The templates you download from the Cisco repository are partially pre-configured but require further configuration. Your Cisco technical representative can provide you with detailed instructions.


Note

You can download the VMware software and documentation from the following location:

http://www.vmware.com/


Export and Import Service Configurations

You can export and import service configurations for the migration and replication of data. You can use the export/import functions to back up both configuration and environmental data or system-specific information from the configuration for lab-to-production migration.

You can import the binary in the following two ways:

  • Import the binary produced by export - All configuration exported will be removed (If environment is included, only environment will be removed. If environment is excluded, environment will not be removed). The file passed is created from the export API.

  • Additive Import - Import the package created manually by adding configuration. The new configurations get added into the server without impacting the existing configurations. The import is allowed only if the CPS running version is greater than or equal to the imported package version specified in the configuration.

Procedure


Step 1

In a browser, navigate to the export/import page, available at the following URLs:

HA/GR: https://<<lbvip01>:7443/doc/import.html

All-In-One (AIO): http://<ip>:7070/doc/import.html

Step 2

Enter the API credentials.

Step 3

Select the file to be imported/exported.

The following table describes the export/import options:

Table 2. Export and Import Options

Option

Description

Export

All data

Exports service configuration with environment data, which acts as a complete backup of both service configurations and environmental data.

Exclude environment

Exports without environment data, which allows exporting configuration from a lab and into another environment without destroying the new system's environment-specific data.

Only environment

Exports only environment data, which provides a way to back up the system-specific environmental information.

Export URL

Found in Policy Builder or viewed directly in Subversion.

Export File Prefix

Provide a name (prefix) for the export file.
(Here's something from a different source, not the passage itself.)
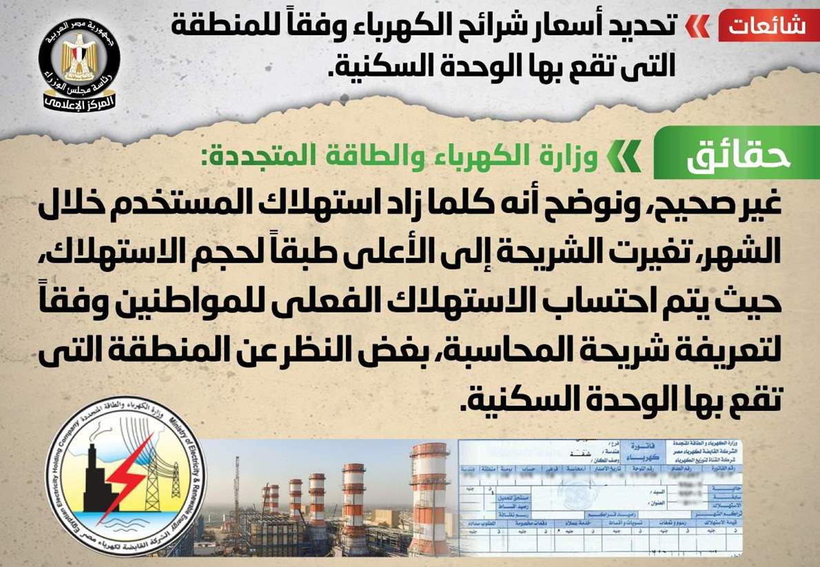وقام المركز الإعلامي لمجلس الوزراء بالتواصل مع وزارة الكهرباء والطاقة المتجددة، والتي نفت تلك الأنباء، مُؤكدةً أنه لا صحة لتحديد أسعار شرائح الكهرباء وفقاً للمنطقة التي تقع بها الوحدة السكنية، موضحةً أنه كلما زاد استهلاك المستخدم خلال الشهر، تغيرت الشريحة إلى الأعلى طبقاً لحجم الاستهلاك، حيث يتم احتساب الاستهلاك الفعلي للمواطنين وفقاً لتعريفة شريحة المحاسبة بغض النظر عن المنطقة التي تقع بها الوحدة السكنية.

Note: The exported filename automatically includes the date and time when the export was performed, for example: prefix_2016-01-12_11-03-56_3882276668.cps

Note: The file extension .cps is used so that the file is not opened or modified by mistake by another application. The file should be used for export/import purposes only.

Import

Import URL

URL is updated/created. We recommend importing to a new URL and use Policy Builder to verify/publish.

Commit Message

Message recorded with the import. Provide details that are useful to record.

After you select the file, the file's information is displayed.
Step 4

Select Import or Export.

CPS displays response messages that indicate the status of the export/import.